**Problem:** Copy out exactly the stretch below, from the line with "Bande de signalisation" through the line with "(утеплитель ФЛИС) ЧЕРНЫЙ", both included; the pictures stay out.

**Dataset excerpts:**
[Start of section]
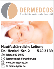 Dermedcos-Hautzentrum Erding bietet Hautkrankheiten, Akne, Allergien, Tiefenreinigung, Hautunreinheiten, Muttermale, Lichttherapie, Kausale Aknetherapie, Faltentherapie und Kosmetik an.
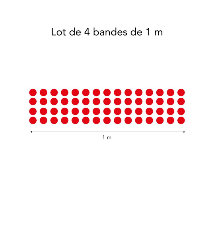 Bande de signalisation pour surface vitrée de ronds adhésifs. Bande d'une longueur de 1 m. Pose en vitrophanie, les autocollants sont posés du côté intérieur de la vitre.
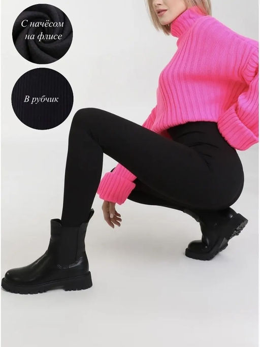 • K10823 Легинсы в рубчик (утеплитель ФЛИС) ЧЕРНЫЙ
[End of section]
[Start of section]
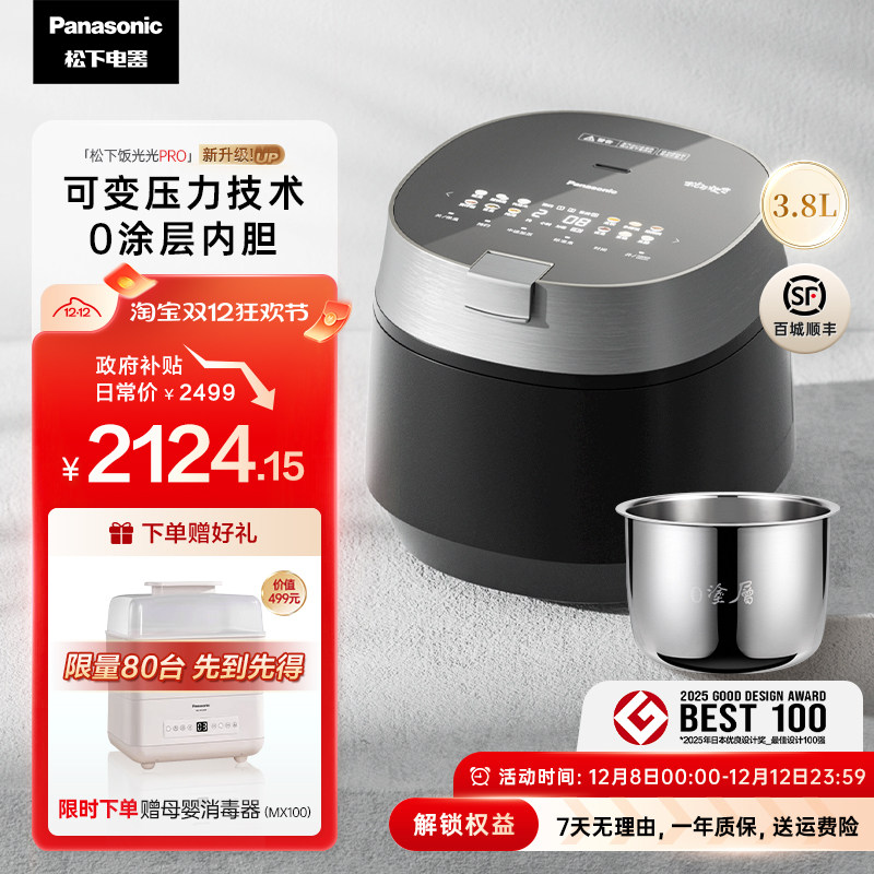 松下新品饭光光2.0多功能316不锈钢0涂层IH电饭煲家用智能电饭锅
[End of section]
**Response area:**
 Bande de signalisation pour surface vitrée de ronds adhésifs. Bande d'une longueur de 1 m. Pose en vitrophanie, les autocollants sont posés du côté intérieur de la vitre.
 • K10823 Легинсы в рубчик (утеплитель ФЛИС) ЧЕРНЫЙ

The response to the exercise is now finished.